**Exercise**
In the entries that follow, find the line containing "睡衣男士春秋季长袖长裤简约家居服薄款棉质男大码休闲套装可外穿" and the line containing "Γυναικεία οβάλ τσάντα", then retype exactly the lines from the first through the second, pictures excluded.

**Records provided**
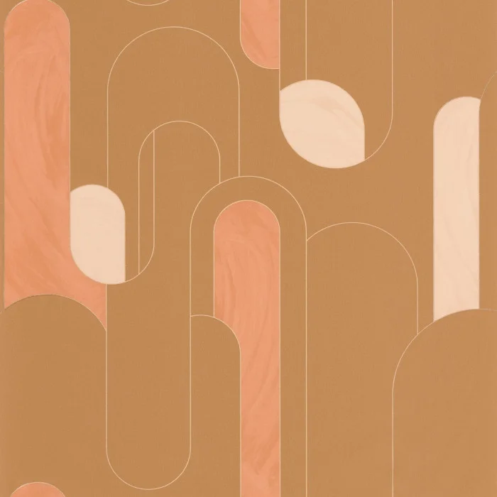 Dieses Muster mit seinen runden Kurven, die sich über die gesamte Länge erstrecken und mit goldenen Linien versehen sind, inspiriert den Chic der 30er Jahre. Perfekt, um einen Raum zu vergrößern. Wählen Sie aus der Farbpalette der Saison.
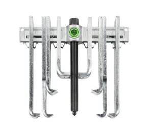 The 2-jaw universal puller Economy with a versatile combination puller jaw set is used for pulling bearings, gears, and discs in all common sizes in agriculture and workshops. It can loosen any component that is on a shaft and is freely accessible from the outside. The different lengths of the puller jaws allow the puller to be individually adjusted to the respective reach.
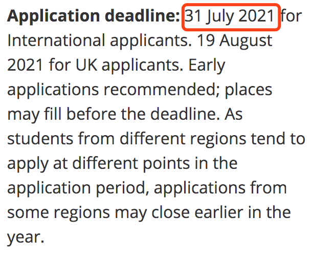 还有一部分专业的暂定截止日期为7月31日,但也有可能提前截止申请。包括:
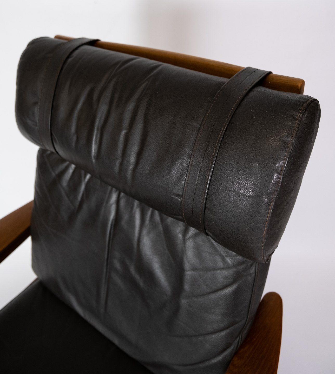 The chair and the stool are both made of first-class teak wood, which radiates warmth and elegance. The padded black leather adds both comfort and luxury to the set and creates a harmonious contrast with the natural wood.
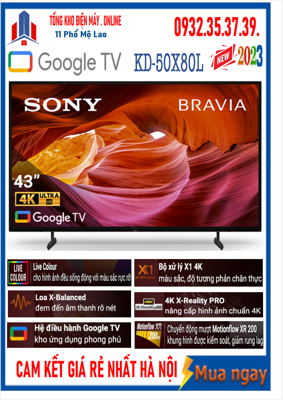 Với thành công từ sản phẩm Google Tivi Sony 4K 50 inch KD-50X80K được ra mắt năm 2022, Sony ra mắt phiên bản năm 2023 Google Tivi Sony 4K 50 inch KD-50X80L đáp ứng đa dạng trải nghiệm hình ảnh sắc nét nhờ độ phân giải 4K, màn hình lớn 50 inch với viền mỏng, bộ xử lý X1 4K HDR Processor cùng âm thanh vòm Dolby Atmos sống động, công nghệ loại bỏ tiếng ồn S-Master Digital Amplifier, hệ điều hành Google TV thân thiện dễ sử dụng, trợ lý ảo Google Assistant có tiếng Việt,… mang đến cho người xem trải nghiệm giải trí phong phú.
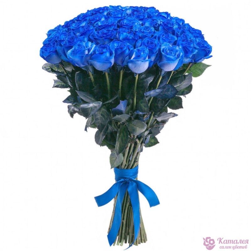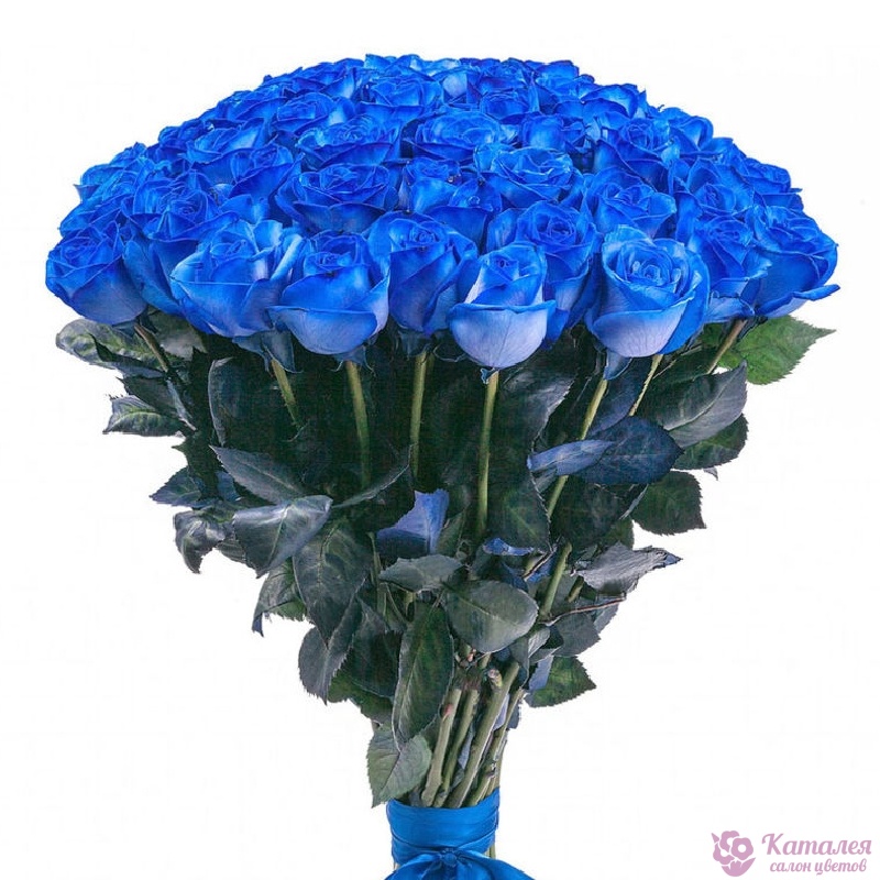 Букет состоит из 45 синих роз, прозрачная упаковка, атласная лента.
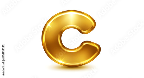 © Juli, Naklejka premium Golden 3D Letter C Isolated on White Background Shiny
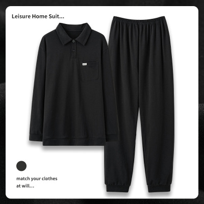睡衣男士春秋季长袖长裤简约家居服薄款棉质男大码休闲套装可外穿
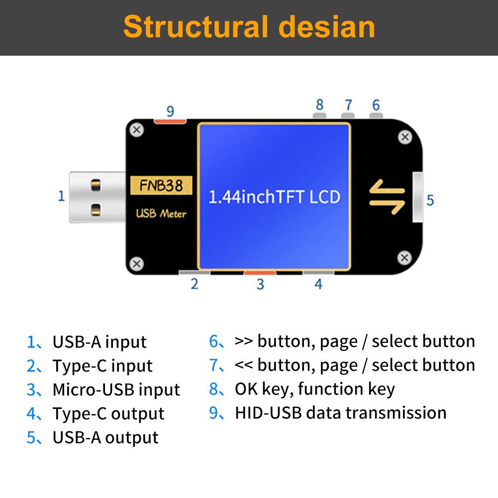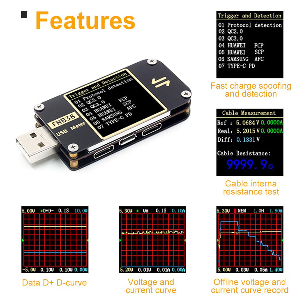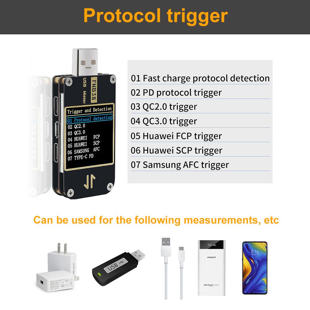 FNB38 USB ЖК-вольтметр тока QC4 PD3.0 2,0 PPS Быстрая зарядка протокол тестер
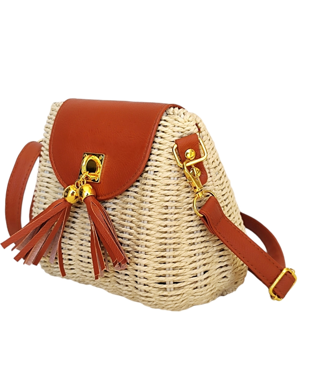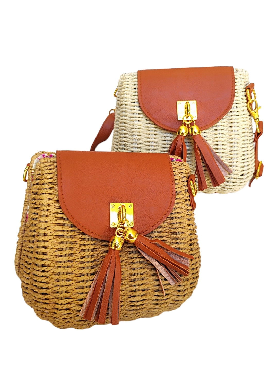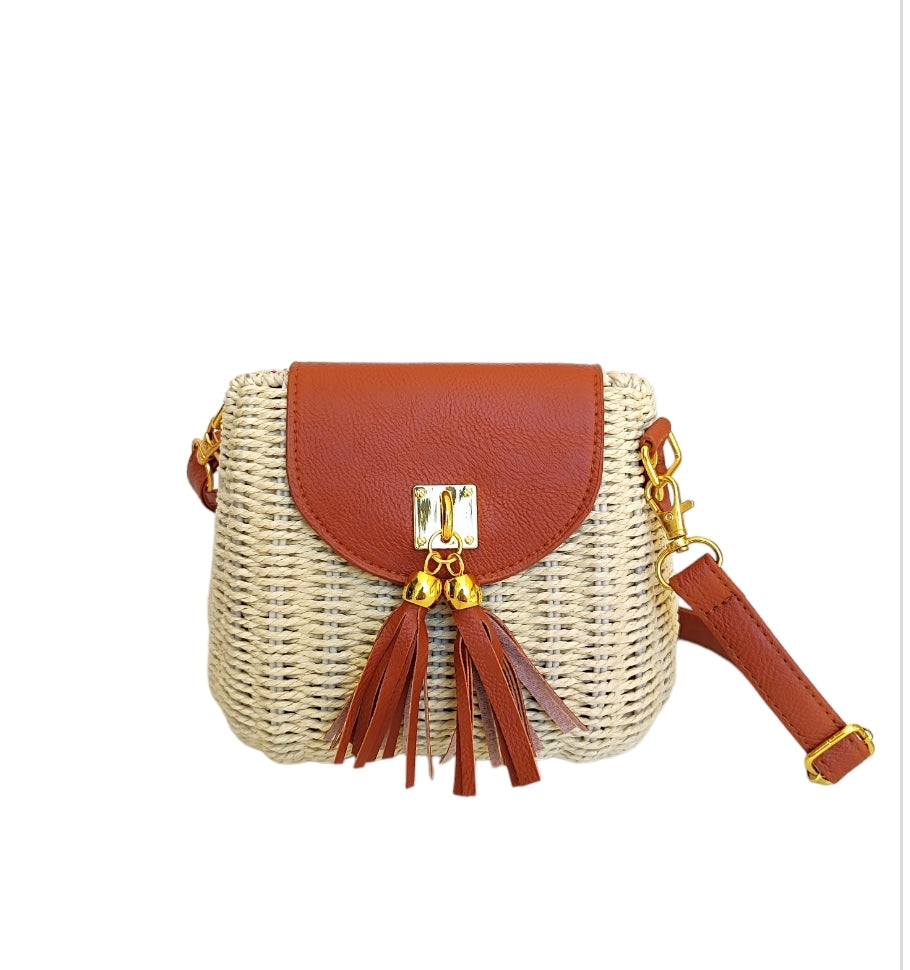 Γυναικεία οβάλ τσάντα ψάθινη με μακρύ λουράκι σε μπεζ χρώμα SSB12
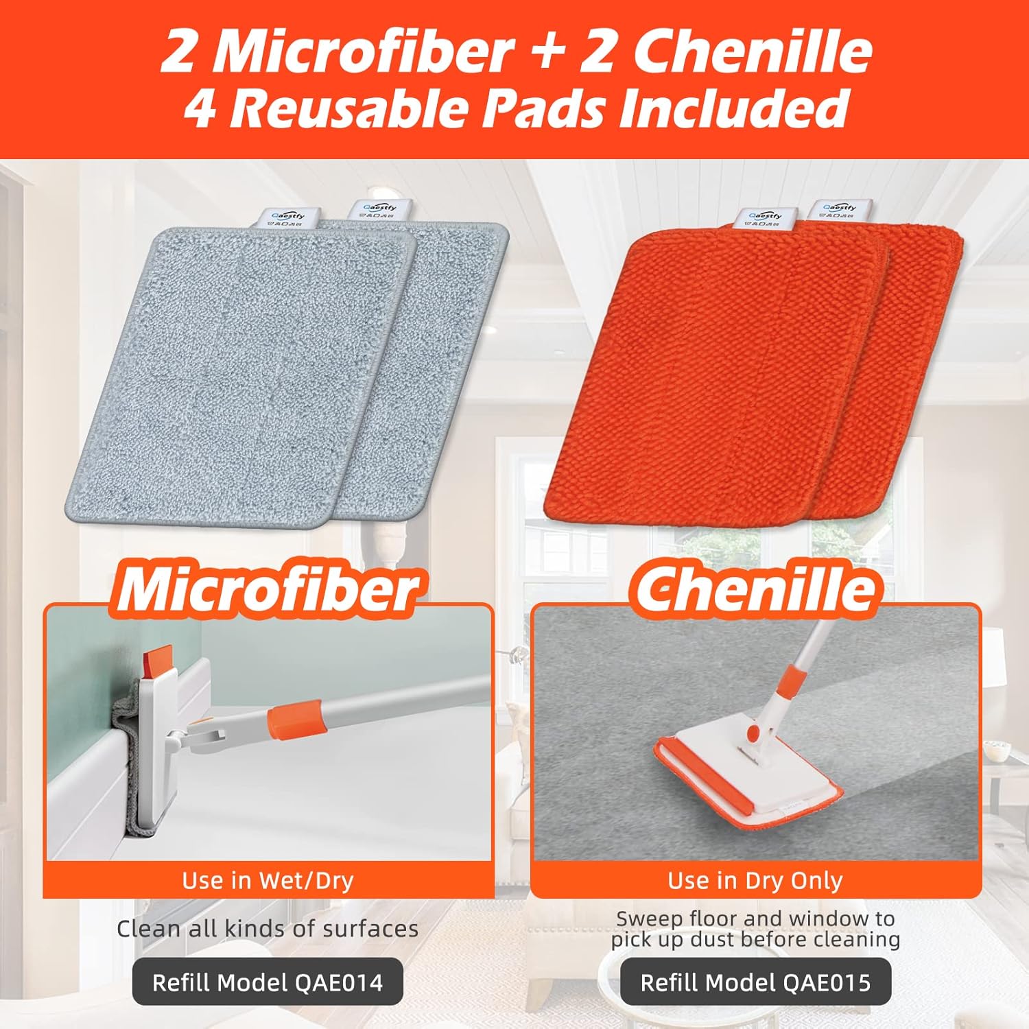 - 【Replaceable and Machine-washable】Mop pads are available. The microfiber replacement head model is designated QAE014; the chenille pad model is designated QAE015
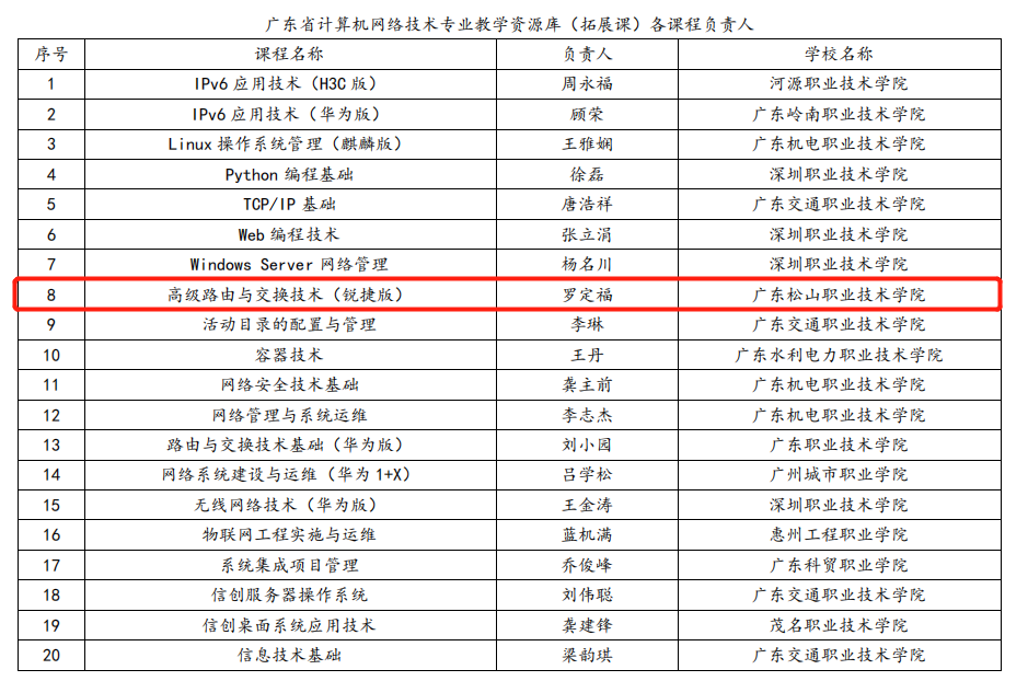 近日,教育厅公布了《广东省教育厅关于公布2021年省高等职业教育教学质量与教学改革工程项目立项名单的通知》(粤教职函〔2022〕23 号)。由深圳职业技术学院牵头申报的“计算机网络技术专业教学资源库”成功立项,我校计算机与信息工程学院计算机网络技术专业课程《高级路由与交换技术》(负责人:罗定福)成功入选此次教学资源库建设。
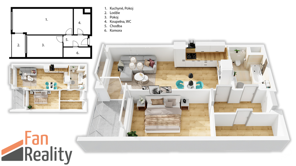 Dispozici tvoří obývací pokoj s kuchyňským koutem, samostatná ložnice, koupelna s vanou, vstupní chodba, komora a lodžie vhodná pro příjemné posezení.
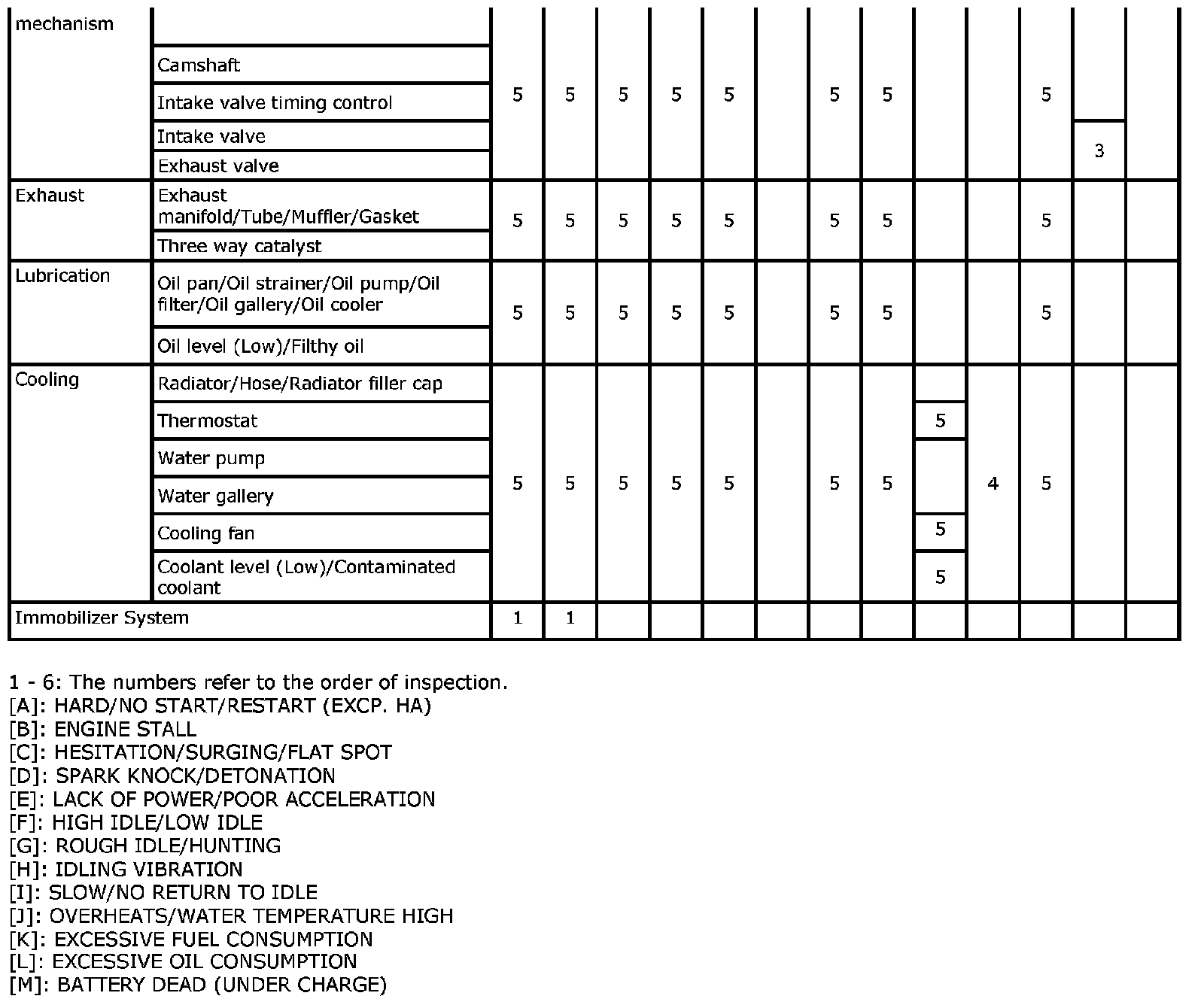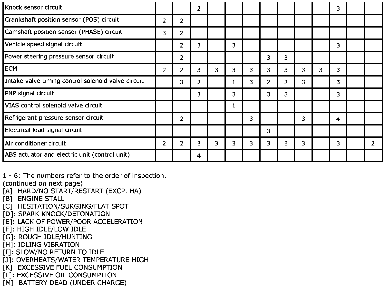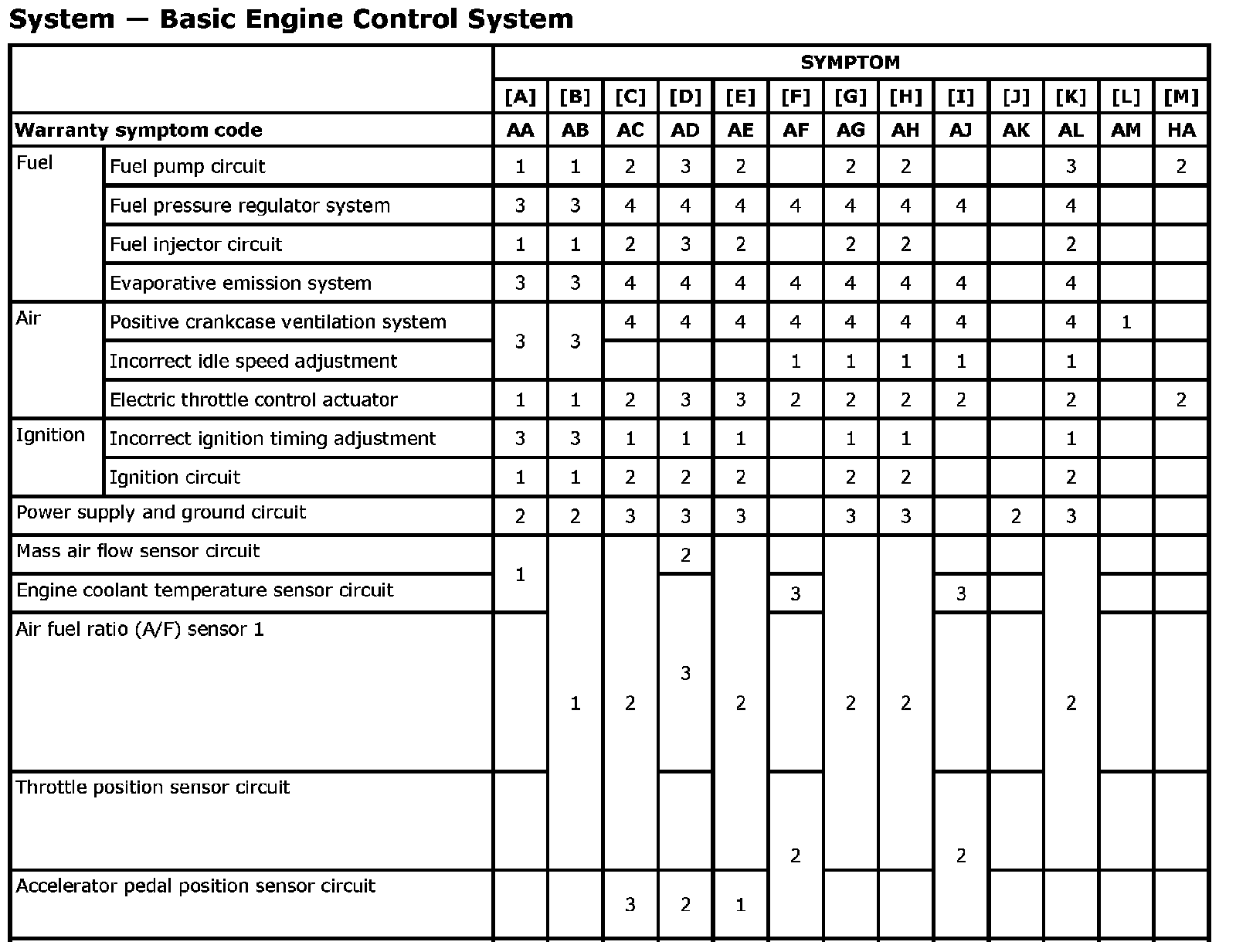 Engine Control System Symptoms: Symptom Matrix ChartSystem- Basic Engine Control System (Part 1):

**Answer**
睡衣男士春秋季长袖长裤简约家居服薄款棉质男大码休闲套装可外穿
 FNB38 USB ЖК-вольтметр тока QC4 PD3.0 2,0 PPS Быстрая зарядка протокол тестер
 Γυναικεία οβάλ τσάντα ψάθινη με μακρύ λουράκι σε μπεζ χρώμα SSB12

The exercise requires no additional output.